Problem requirements: Taking the entries below, transcribe only the lines starting with the one with "We'll start by" and going on through the one with "このサンシェードはユニークな", exactly as written, without the pictures.

Source information:
===

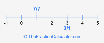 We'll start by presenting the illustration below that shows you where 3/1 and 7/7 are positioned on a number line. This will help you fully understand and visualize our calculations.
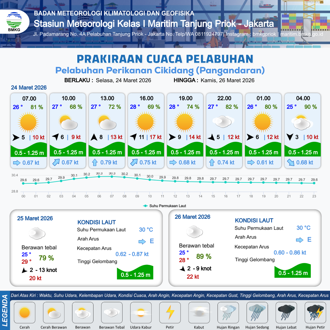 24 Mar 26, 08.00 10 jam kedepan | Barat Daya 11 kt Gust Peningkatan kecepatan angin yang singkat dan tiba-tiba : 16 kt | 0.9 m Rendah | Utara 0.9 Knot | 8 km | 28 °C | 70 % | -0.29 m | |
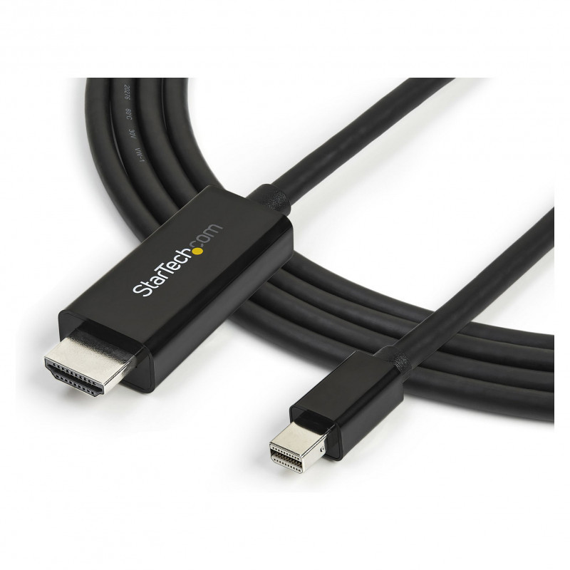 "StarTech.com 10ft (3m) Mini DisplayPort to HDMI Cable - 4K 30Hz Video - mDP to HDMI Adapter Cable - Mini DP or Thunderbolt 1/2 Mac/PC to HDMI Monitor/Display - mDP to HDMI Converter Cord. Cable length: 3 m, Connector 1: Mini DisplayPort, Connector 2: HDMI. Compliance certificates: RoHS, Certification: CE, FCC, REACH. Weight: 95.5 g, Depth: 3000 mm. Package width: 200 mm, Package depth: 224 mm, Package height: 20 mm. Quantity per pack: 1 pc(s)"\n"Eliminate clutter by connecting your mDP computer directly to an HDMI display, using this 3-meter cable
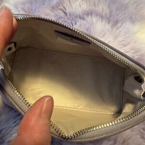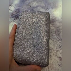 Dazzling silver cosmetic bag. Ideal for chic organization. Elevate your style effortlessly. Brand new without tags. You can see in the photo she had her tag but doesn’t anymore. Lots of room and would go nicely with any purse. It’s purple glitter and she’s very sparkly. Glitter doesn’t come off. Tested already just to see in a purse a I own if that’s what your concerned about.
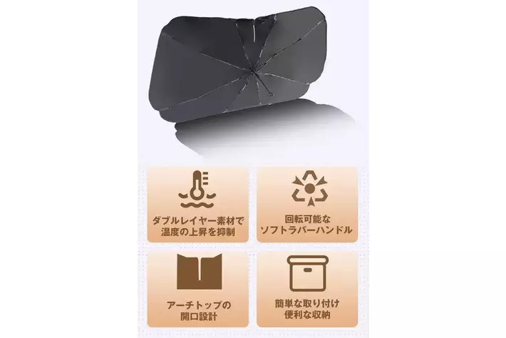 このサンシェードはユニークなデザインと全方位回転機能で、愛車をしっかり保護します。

===

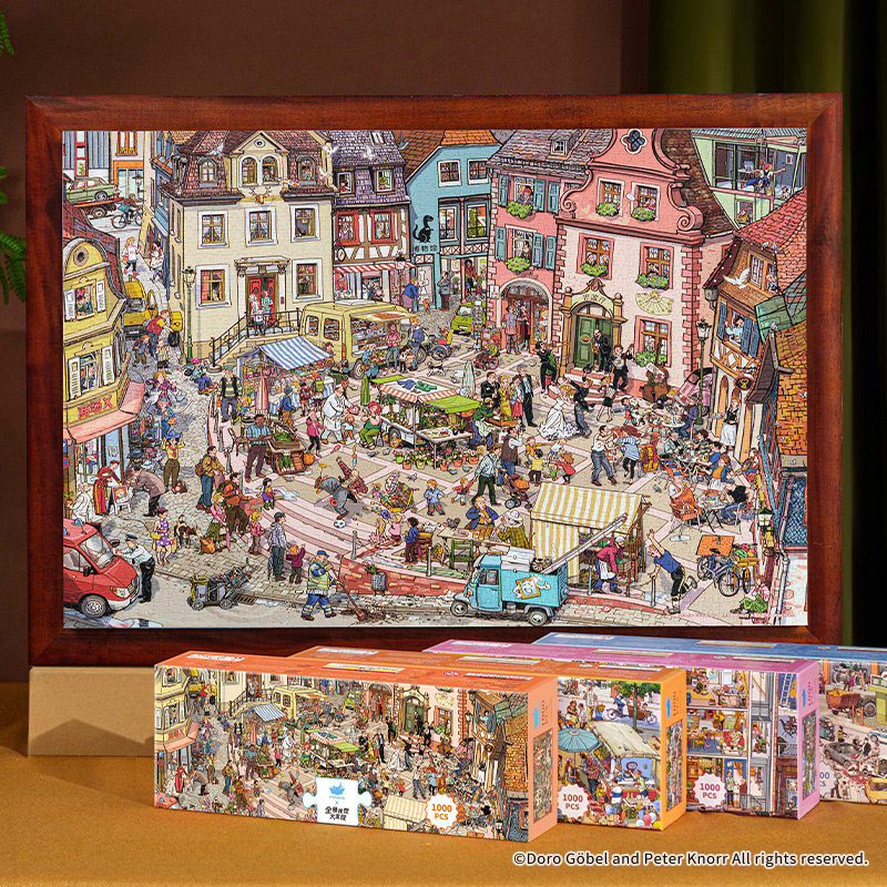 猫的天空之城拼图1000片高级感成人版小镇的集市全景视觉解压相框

===

Solution:
 We'll start by presenting the illustration below that shows you where 3/1 and 7/7 are positioned on a number line. This will help you fully understand and visualize our calculations.
 24 Mar 26, 08.00 10 jam kedepan | Barat Daya 11 kt Gust Peningkatan kecepatan angin yang singkat dan tiba-tiba : 16 kt | 0.9 m Rendah | Utara 0.9 Knot | 8 km | 28 °C | 70 % | -0.29 m | |
 "StarTech.com 10ft (3m) Mini DisplayPort to HDMI Cable - 4K 30Hz Video - mDP to HDMI Adapter Cable - Mini DP or Thunderbolt 1/2 Mac/PC to HDMI Monitor/Display - mDP to HDMI Converter Cord. Cable length: 3 m, Connector 1: Mini DisplayPort, Connector 2: HDMI. Compliance certificates: RoHS, Certification: CE, FCC, REACH. Weight: 95.5 g, Depth: 3000 mm. Package width: 200 mm, Package depth: 224 mm, Package height: 20 mm. Quantity per pack: 1 pc(s)"\n"Eliminate clutter by connecting your mDP computer directly to an HDMI display, using this 3-meter cable
 Dazzling silver cosmetic bag. Ideal for chic organization. Elevate your style effortlessly. Brand new without tags. You can see in the photo she had her tag but doesn’t anymore. Lots of room and would go nicely with any purse. It’s purple glitter and she’s very sparkly. Glitter doesn’t come off. Tested already just to see in a purse a I own if that’s what your concerned about.
 このサンシェードはユニークなデザインと全方位回転機能で、愛車をしっかり保護します。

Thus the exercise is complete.